Shares of Jabil Circuit (JBL) have traded in a tight trading range between $19-$20 since the start of 2013. In the first week of February, the provider of worldwide electronic manufacturing services and solutions announced the acquisition of Nypro.
Jabil Circuit announced that it has agreed to acquire Nypro, a provider of manufactured precision plastic products in the Healthcare, Packaging and Consumer Electronics industries. The deal values Nypro at approximately $665 million. Nypro currently employs some 12,000 workers in over 10 countries.
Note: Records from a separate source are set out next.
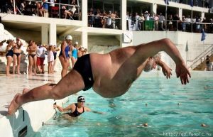 そして審判の笛に合図と共に巨漢男は重たいお尻を持ち上げながら思いっきり飛び込みました。それはまるで海に飛び込む象のようでした。
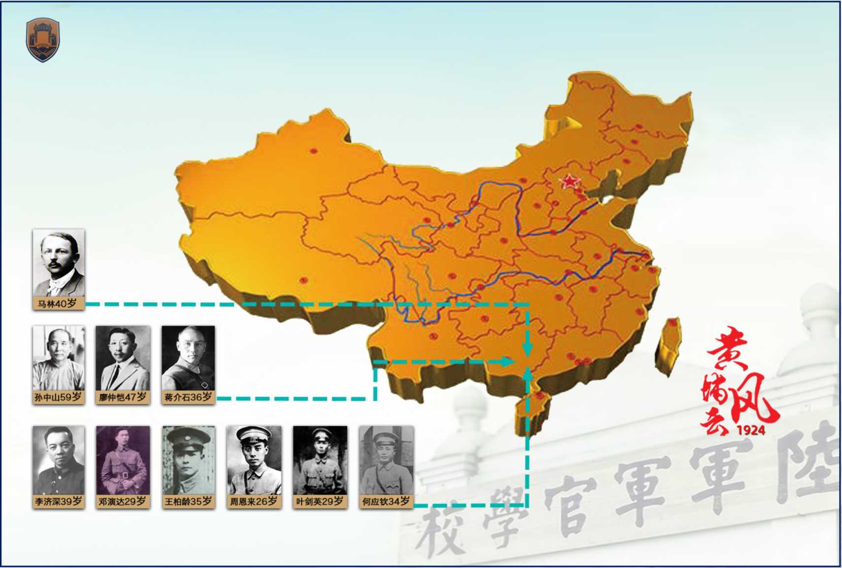 —個有希望的(de)民(mín)族(zú)不能沒有(yǒu)英雄,一個(gè)有前(qián)途的國(guó) 家不能沒有先鋒。走進陸軍軍官學(xué)校,瞻仰那些近 代史上(shàng)孕育無數(shù)精英(yīng)的搖籃,我們回顧(gù)曆史(shǐ),學習 時代偉人,探索黃埔精神!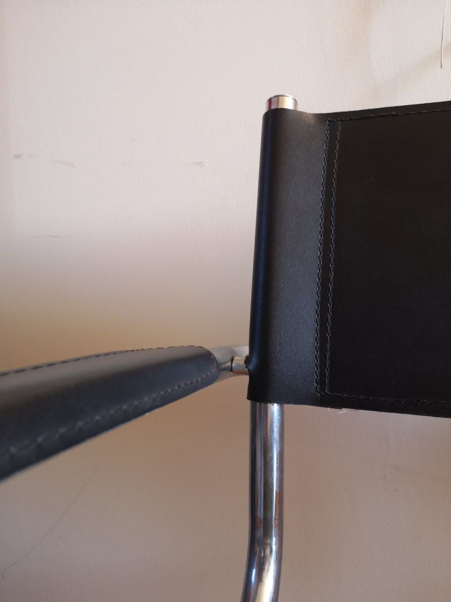 Structure tubulaire en acier chromé et cuir noir pour le dossier, l'assise et les accoudoirs.

Nypro is a leader in precision plastic consumables and disposables for the healthcare industry. The deal complements Jabil engineering and supply chain solutions and Jabil's ambitions to become a leading provider in the global healthcare market. Nypro also offers opportunities in the food, beverage, household and personal care industry in order to address the $140 billion rigid plastic packaging market.
CEO and Chairman Timothy L. Main commented on the deal:
The combination with Nypro will extend Jabil's materials manufacturing capabilities into the healthcare and consumer packaging markets as well as add depth to our consumer electronics business. We think this is an important strategic step in Jabil's development of engineering and capability intensive businesses.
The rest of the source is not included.